Integrating Error Propagation Theory Into the FMEDA Framework (Robert Bosch GmbH)

Functional safety engineers have long relied on FMEDA to translate component failure data into system‑level safety metrics such as SPFM and LFM. While these numbers guide design decisions, their accuracy hinges on estimated failure‑mode distributions and diagnostic coverage, which are often derived from limited test data or expert opinion. This opacity creates hidden risk, especially in automotive ASICs where ISO 26262 mandates rigorous proof of safety. The new Bosch paper tackles this gap by applying error propagation theory, turning point estimates into statistically bounded intervals that explicitly convey confidence levels.
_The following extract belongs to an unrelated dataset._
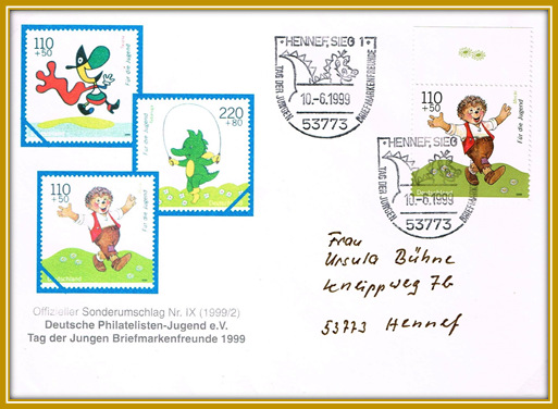 Oben: „Tag der jungen Briefmarkensammler“ Hennef 10.6.1999 (W 8) Unten: 62. Verbandstag Phil. Verband Mittelrhein 2.4.2000 (W 7) |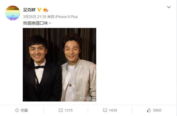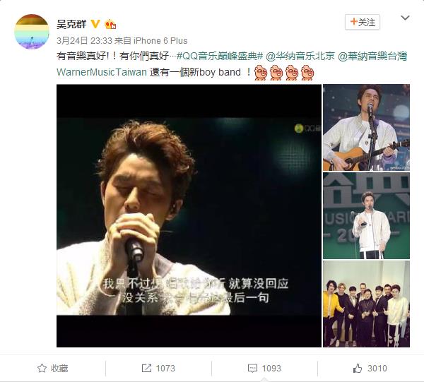 盛典结束后,吴克群还在微博上表达了对乐队以及QQ音乐的感谢。

The proposed methodology propagates uncertainties from input parameters through the FMEDA calculations, yielding upper‑ and lower‑bound values for SPFM and LFM. A novel Error Importance Identifier (EII) ranks the input variables that contribute most to overall metric variance, allowing teams to focus validation resources where they matter most. By quantifying the maximum deviation and presenting confidence intervals, the approach offers a transparent, data‑driven view of analysis quality, moving safety cases from qualitative assertions to quantitative evidence.

For the automotive semiconductor ecosystem, this development could streamline ISO 26262 certification pathways and reduce costly redesign cycles caused by ambiguous safety margins. Manufacturers can now demonstrate not only that a metric meets a target value, but also how tightly that value is bounded, satisfying auditors and regulators alike. As the industry pushes toward higher integration densities and autonomous driving functions, adopting uncertainty‑aware FMEDA practices may become a competitive differentiator, fostering greater trust in ASIC safety across the supply chain.